Visual / Data Opportunities

Purpose: Flag material suitable for figures, tables, or charts.

Format:

## Visual / Data Opportunities

| Data/Concept  | Suggested Visualization      | Source     |
| ------------- | ---------------------------- | ---------- |
| [Description] | [Table/Chart/Figure/Diagram] | [Citation] |

Connections to Other Chapters

Purpose: Note findings relevant elsewhere in the book.

Format:

## Connections to Other Chapters

| Finding   | Relevant To          | Notes             |
| --------- | -------------------- | ----------------- |
| [Finding] | Chapter [X]: [Title] | [How it connects] |

Formatting Conventions

Headers

Use ## for main sections, ### for subsections.

Citations

Chicago format throughout.

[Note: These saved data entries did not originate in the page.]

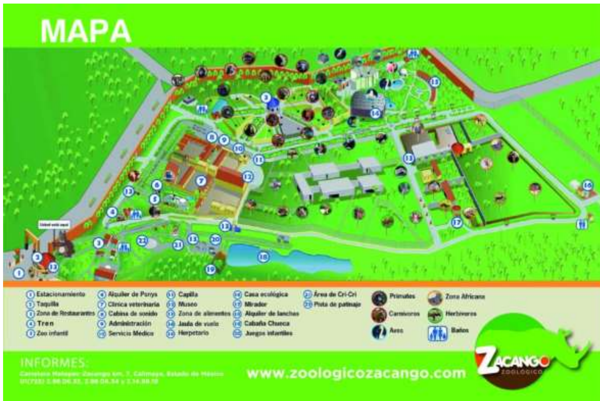
Zoológico de Zacango
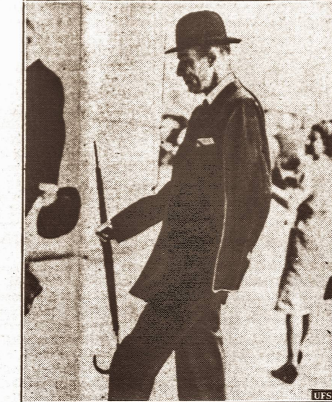
Tempimo momentu. — Anglijos Užsienių Reikalų Ministras Viscount Halifax, ant kurių pečių, šiais neramumų laikais guli didelė atsakomybė.

KLAIPĖDA. — Rytprusių ir Klaipėdos krašto gauleiteris Erich Koch paskelbė straipsnį žurnale „Wille und Macht“ (Valia ir jėga), kuriame rašo, kad artimiausiu laiku reikės kolonizuoti Vokietijos rytų šiaurės pasienį — Rytprūsiose nemažiau 2 milijonų žmonių iš Reicho gilumos.
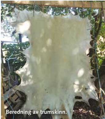
Beredning av trumskinn.
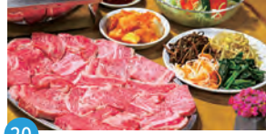
20 焼肉 八起
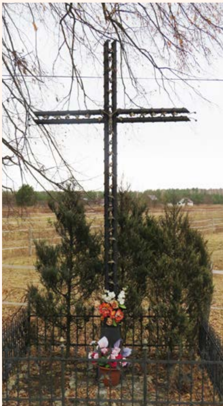
55. Krzyż żelazny przy ul. Granitowej.
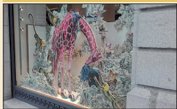
▪ Hermès 6, place Grangier

Après 4 mois de travaux, la boutique de luxe Hermès a rouvert ses portes, agrandie et rénovée. Elle s'est refait une beauté.
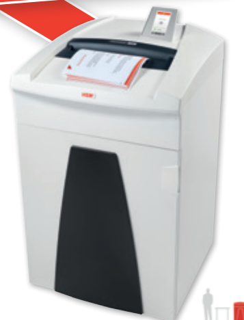
14 15 16 HSM SECURIO P36i/P40i/P44i
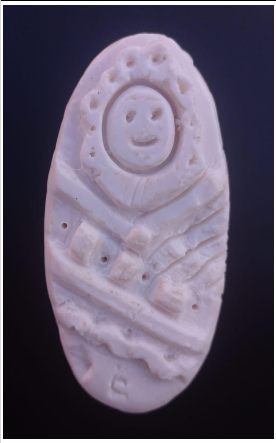
Tabla 5: evidencia fotográfica de la muestra 02 del primer estudiante.
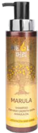
ШАМПУНЬ ДЛЯ РОСТА ВОЛОС С МАСЛОМ МАРУЛЫ «СИЛА И БЛЕСК»
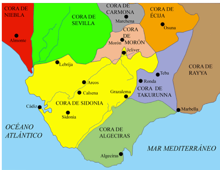
FIGURA 1. Ubicación de la cora de Sidonia.
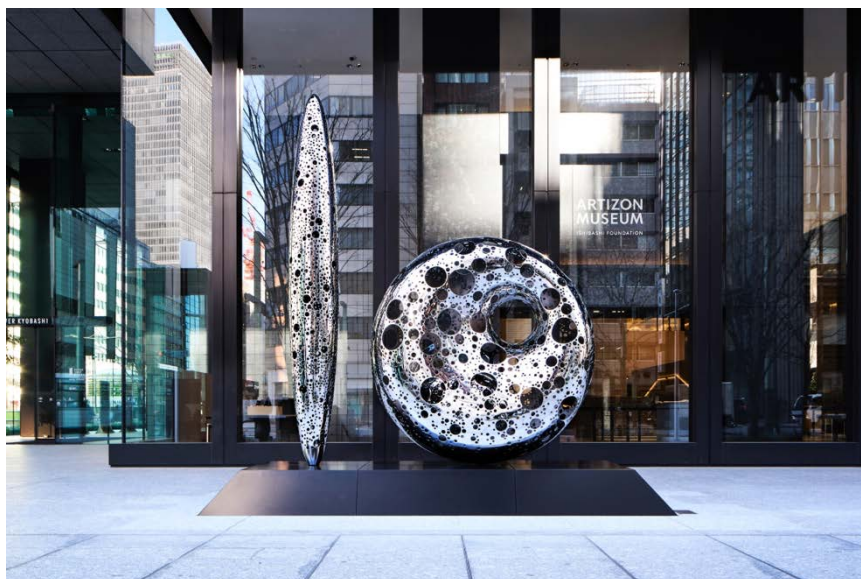
リンディ・リー 《無数の星座がうまれる》2026年、鑄造・ステンレススティール

公益財団法人石橋財団アーティゾン美術館（東京都中央区、館長：石橋寛）は、屋外彫刻の設置について、ビルの建て替えと新しい美術館構想の中で、2010年頃からプロジェクトとして進めてまいりました。また、当館の所在するミュージアムタワー京橋とTODA BUILDINGが構成する街区「京橋彩区」*の「まちに開かれた芸術・文化拠点」づくりという基本理念も視野に、この街にふさわしい屋外彫刻のあり方について検討を重ねた結果、レイチェル・ホワイトリード、リンディ・リーの二人の作家に、それぞれ新作を依頼する運びとなりました。2025年7月のレイチェル・ホワイトリードの作品設置に続き、プロジェクトの結実のふたつめとして、1月30日にリンディ・リーによる彫刻作品《無数の星座がうまれる》が、同作家による日本初の常設作品として完成しました。
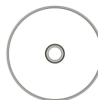
Диск с инструкциями и ПО
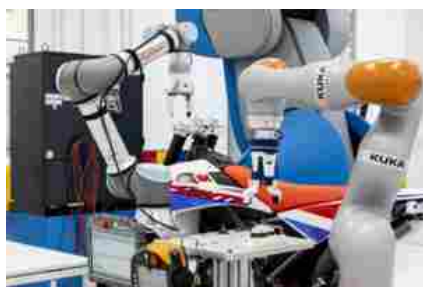
Esempio di robot collaborativo a disposizione del Made per la realizzazione di parti automotive

«I competence center sono una voce predominante che piano piano sta prendendo sempre più consistenza all'interno del mercato italiano – sottolinea lo show director di Sps Italia – Per noi è necessario continuare il dialogo con i centri di competenza e proseguire con questo atteggiamento di collaborazione e di apertura tra mondo accademico e industriale ». Quindi mettere a fattor comune la ricerca e le conoscenze per trovare nuove soluzioni che non migliorino la singola azienda ma tutto il mercato italiano, e permettano lo sviluppo dell'industria in ottica digitale e 4.0 è alla base dell'ecosistema virtuoso che lega i Digital Days al mondo universitario e dei competence center. E che consente a Sps di allargare il network e far parlare la community al proprio interno.
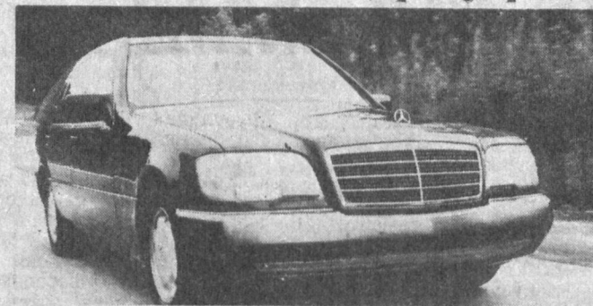
СУРАТДА: «Мерседес—Бенц 500 сел» седан услубидаги устки қошлама билан «супер» классидagi моделлар ичидagi энг машҳур автомашина ҳисобланади. 1990 йили АҚШда бу марказдаги автомобиллардан 78.375 донаси сотилди.

See references/citation-standards.md.

Verification Flags

  • [Retrieved] — Actually accessed during this research session
  • [Training] — From training data, not freshly retrieved

Strength Ratings

  • Direct — Directly addresses the question
  • Tangential — Related but not directly on point
  • Context — Background information

Primary/Secondary Flags

  • [Primary] — Original source
  • [Secondary] — Analysis or citation of primary

Quality Checklist for Outputs

Before considering research output complete:

  • All required core sections present
  • Gap identification matches the prompt
  • Summary directly answers the question
  • Key evidence has full citations
  • Source list is complete
  • Confidence assessment is realistic
  • Synthesis statement is clear and concise
  • Applicable conditional sections included
  • Citations are Chicago format
  • Verification flags present
  • Contradictions flagged (not hidden)
  • Counterarguments steelmanned

See Also

  • assets/templates/research-output-format-example.md — Full example of a properly formatted output
  • references/citation-standards.md — Citation format details
  • references/source-evaluation-guide.md — How to assess source quality

Include output format specifications in research prompts. Use this standard when validating whether returned research meets format requirements.